* _Your goal_: The entries shown here must be retyped in full, with no pictures included.

═════ Study material

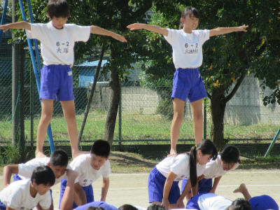 ピラミッドから次の技になるのも、すごくきれいに完成していました。約2週間の練習で、よくここまでできたなあと思います。明日は、高学年としても、全力で頑張ってください。
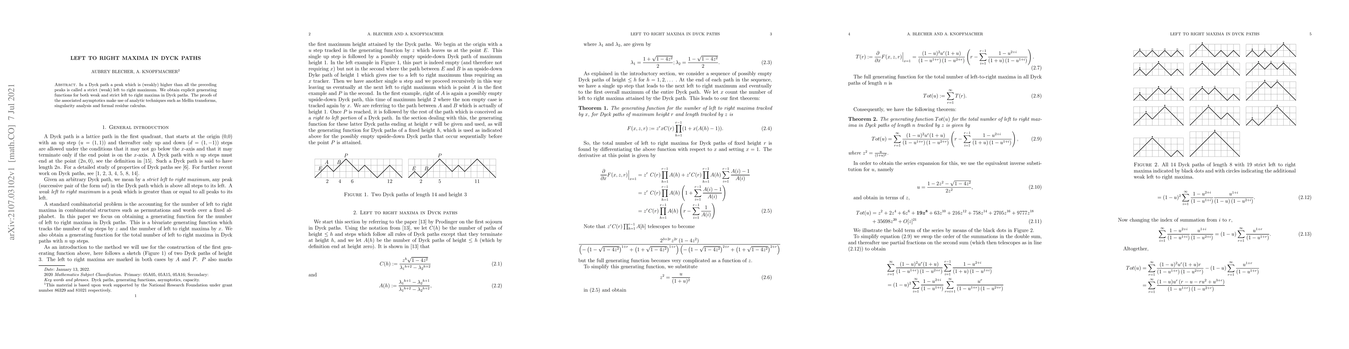 This paper presents explicit generating functions for weak and strict left to right maxima in Dyck paths. The proofs employ analytic techniques including Mellin transforms, singularity analysis, and formal residue calculus to derive the associated asymptotics.
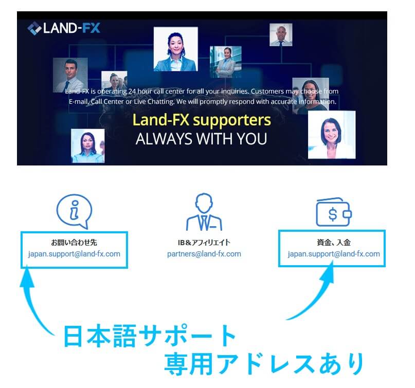 ランドFX(Land FX)のカスタマーサポートは24時間体制。電話、メール、チャットを平日なら深夜でも受け付けています。また、日本人スタッフによる日本語での対応も可能。メールは24時間。電話は平日の10時から18時まで、となっています。ライブチャットに関しては英語オンリーなので注意しましょう。
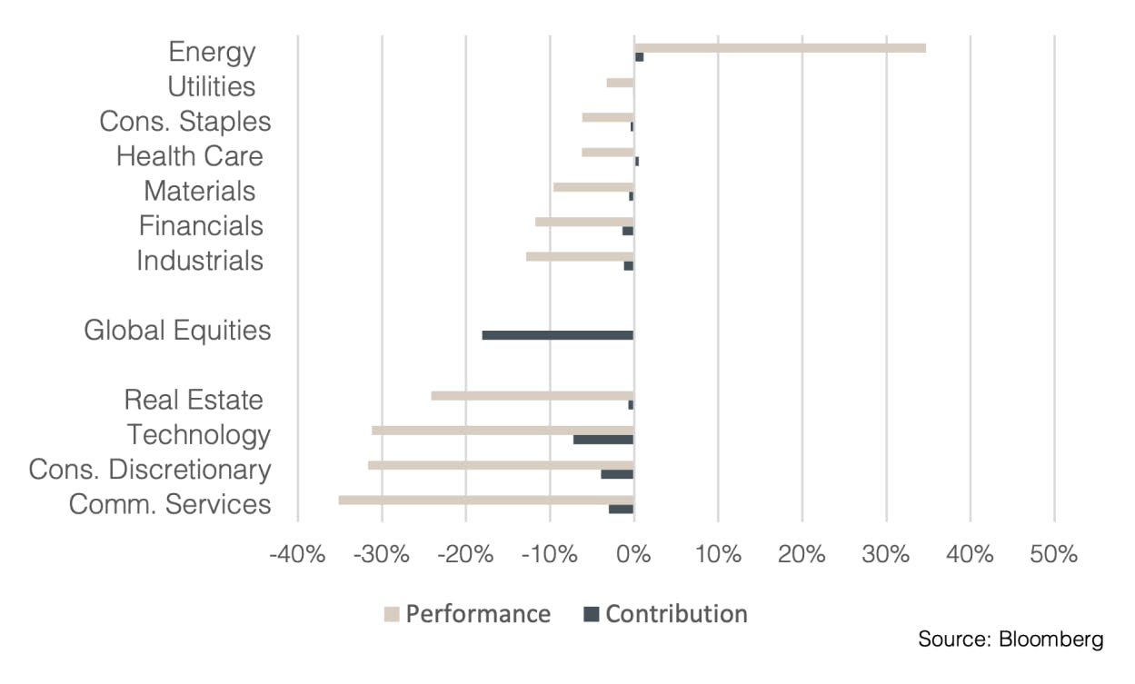 Rising interest rates also set the tone for equities last year, marking a fundamental change or regime shift. Years of zero interest rate policy and increasingly aggressive investors were supported by a massive increase in liquidity. Over the past few years, this fueled fast-growing sectors like technology, communications, and consumer cyclicals. With the technology sector making up nearly a quarter of global equity capitalization at the beginning of the year, the most interest rate-sensitive part of the equity market came under heavy pressure. Around 40% of last year's losses can be attributed to the technology sector. When adding the cyclical consumer goods and communications sectors, these weakest areas accounted for roughly 80% of the negative total equity market returns in 2022. Very similar to 2021, 30% of global equity returns came from just six US companies (Alphabet, Apple, Meta, Microsoft, Nvidia, Tesla), but with a negative contribution this time. The energy sector, on the other hand, saw massive gains of nearly 35%, but as it represents only about 3% of global market capitalization, it contributed just 1.1% to global equity returns.
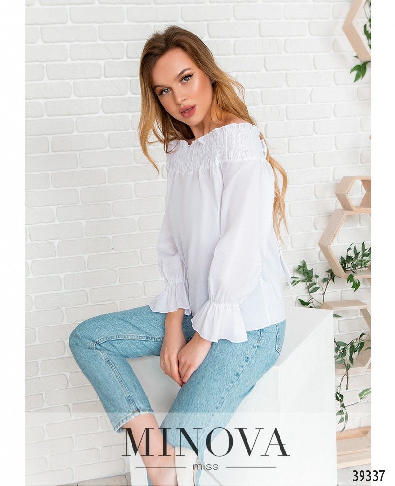 Романтичная блуза с открытой линией плеч "new romantic", сверху вшита широкая резинка и подшиты широкие ленты, которые можно завязать бантом. Рукава со вшитыми в запястье резинками и присобранными манжетами. Карманов и застёжек нет. Блузка свободного покроя, носится свободно, что стоит учитывать при подборе размера.
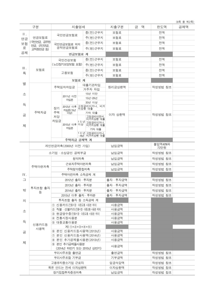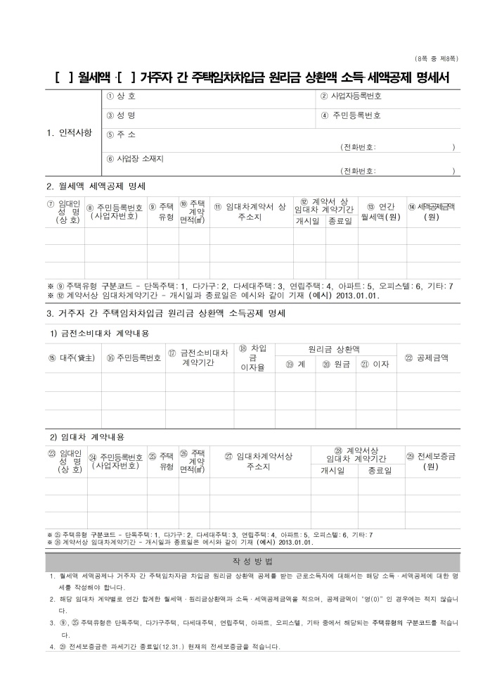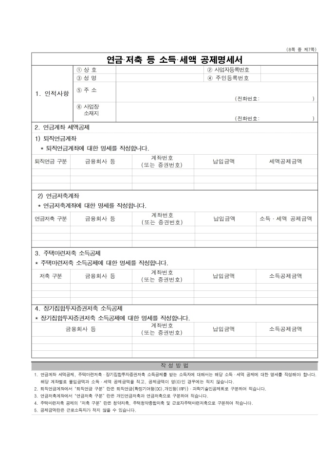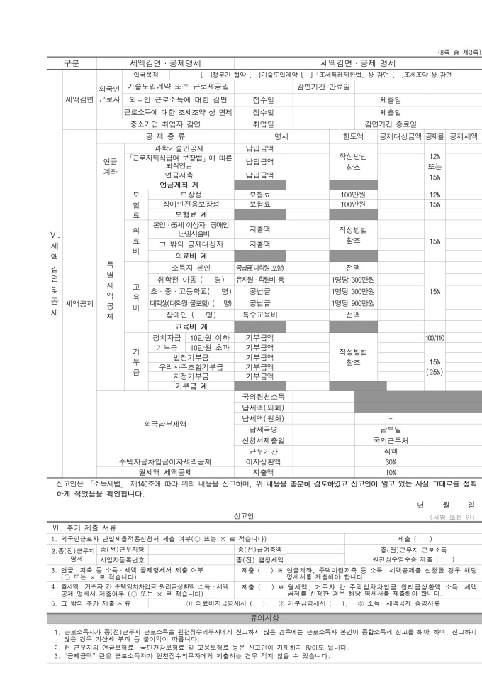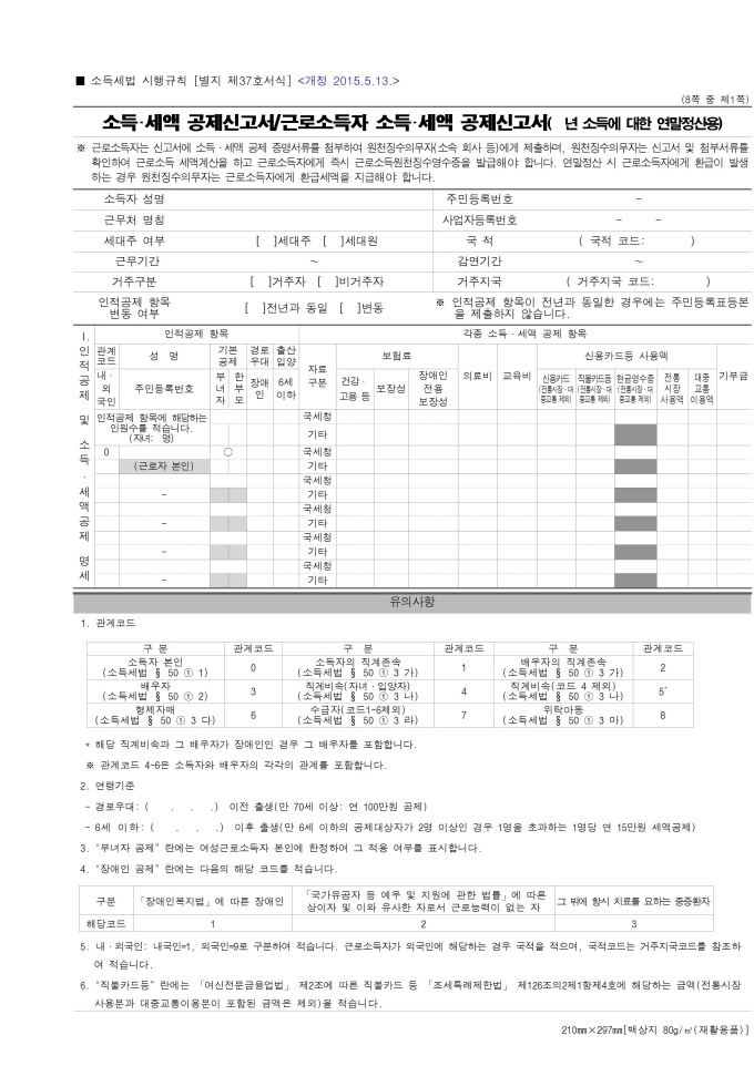 9,000원/월소득ㆍ세액 공제신고서_근로소득자 소득ㆍ세액 공제신고서입니다. 소득세법 시행규칙 별지서식

══════════

* _Result of this task_:
 ピラミッドから次の技になるのも、すごくきれいに完成していました。約2週間の練習で、よくここまでできたなあと思います。明日は、高学年としても、全力で頑張ってください。
 This paper presents explicit generating functions for weak and strict left to right maxima in Dyck paths. The proofs employ analytic techniques including Mellin transforms, singularity analysis, and formal residue calculus to derive the associated asymptotics.
 ランドFX(Land FX)のカスタマーサポートは24時間体制。電話、メール、チャットを平日なら深夜でも受け付けています。また、日本人スタッフによる日本語での対応も可能。メールは24時間。電話は平日の10時から18時まで、となっています。ライブチャットに関しては英語オンリーなので注意しましょう。
 Rising interest rates also set the tone for equities last year, marking a fundamental change or regime shift. Years of zero interest rate policy and increasingly aggressive investors were supported by a massive increase in liquidity. Over the past few years, this fueled fast-growing sectors like technology, communications, and consumer cyclicals. With the technology sector making up nearly a quarter of global equity capitalization at the beginning of the year, the most interest rate-sensitive part of the equity market came under heavy pressure. Around 40% of last year's losses can be attributed to the technology sector. When adding the cyclical consumer goods and communications sectors, these weakest areas accounted for roughly 80% of the negative total equity market returns in 2022. Very similar to 2021, 30% of global equity returns came from just six US companies (Alphabet, Apple, Meta, Microsoft, Nvidia, Tesla), but with a negative contribution this time. The energy sector, on the other hand, saw massive gains of nearly 35%, but as it represents only about 3% of global market capitalization, it contributed just 1.1% to global equity returns.
 Романтичная блуза с открытой линией плеч "new romantic", сверху вшита широкая резинка и подшиты широкие ленты, которые можно завязать бантом. Рукава со вшитыми в запястье резинками и присобранными манжетами. Карманов и застёжек нет. Блузка свободного покроя, носится свободно, что стоит учитывать при подборе размера.
 9,000원/월소득ㆍ세액 공제신고서_근로소득자 소득ㆍ세액 공제신고서입니다. 소득세법 시행규칙 별지서식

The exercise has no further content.